— Пусть подойдёт… Примите у него фирман…
Голицын приблизился, расшаркавшись, поклонился и доложил о своём прибытии ко двору персидского повелителя.
— Принцессу почему с собой не привёз? — без шуток спросил шах. — Слышал я, принцессу вашу сватают короли французские и немецкие, вовсе не заботясь о том, что подумаю я.
Голицын знал о слухах насчёт сватовства Елизаветы персидским, шахом: тот же Джелюль намекал ему на это, когда приезжал в Астрахань, сопровождая посольство шаха в Санкт-Петербург. Но сейчас Надир-шах недвусмысленно требовал к себе русскую принцессу. Не зная, что и сказать повелителю Персии, посланник развёл руками и, кажется, Надир-шах понял, что Голицын всего лишь бывший астраханский губернатор, а теперь, посланник, и не ему решать интимные дела русский принцессы.
Братищев переводил вопросы шаха и ответы на них. Беседа походила больше на пристрастный допрос — Голицын вспотел, по его лицу струился пот. Князь утирался платочком и доставлял шаху своими усердными, жестами великое удовольствие. Нервы у шаха явно пошаливали — голос его срывался, руки слегка тряслись.
Не было в нём того величия, о котором так много говорилось в простом народе. Шах касался самых мелких неурядиц, кои возникли в последние годы между Персией и Россией, и заявлял о них, словно бы речь шла о делах значимых.
— В Кизляр к русским бежали армяне и грузины, — сердито выговаривал Надир-шах. — Двести восемьдесят дворов принял ваш комендант. Но они — мои пленники… Ты, господин посланник, выйдя от меня, поедешь в Кизляр и пригонишь сюда моих людей.
— Ваше величество, я должен снестись с губернатором Астрахани и поставить в известность коллегию иностранных дел…
— Хитрая лиса, разве тебе не говорили об армянах и грузинах, когда ты сидел в Астрахани в губернаторском креслет?! — Шах приподнялся, опершись на подушку. — Но только ли армяне и грузины прячутся у русских?
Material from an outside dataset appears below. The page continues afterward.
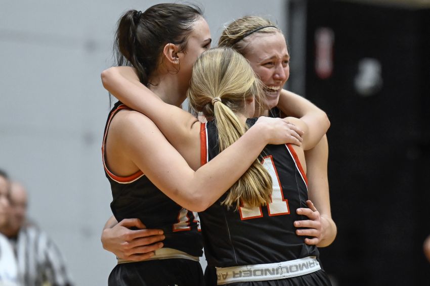 Viborg-Hurley's Molly Mason hugs Coral Mason while Charley Nelson hugs Estelle Lee (11) in the final minute of the Class B State Championship game on Saturday at the Huron Arena.

Где сто девять лошадей, угнанных гребенскими козаками?
— Ваше величество, астраханский губернатор, статский советник Татищев, принимает особое усердие, дабы вернуть вашему величеству лошадей, — отчаянно оправдывался Голицын.
— Где ваш русский хлеб для моих воинов, где кони для них? Я один воюю против вассалов турецкого султана, я один преследую Дауд-бека по кавказским горам… Я теряю коней, и у меня нет продовольствия, а Россия не может дать моим солдатам даже чёрную корку хлеба! О, Аллах, где справедливости…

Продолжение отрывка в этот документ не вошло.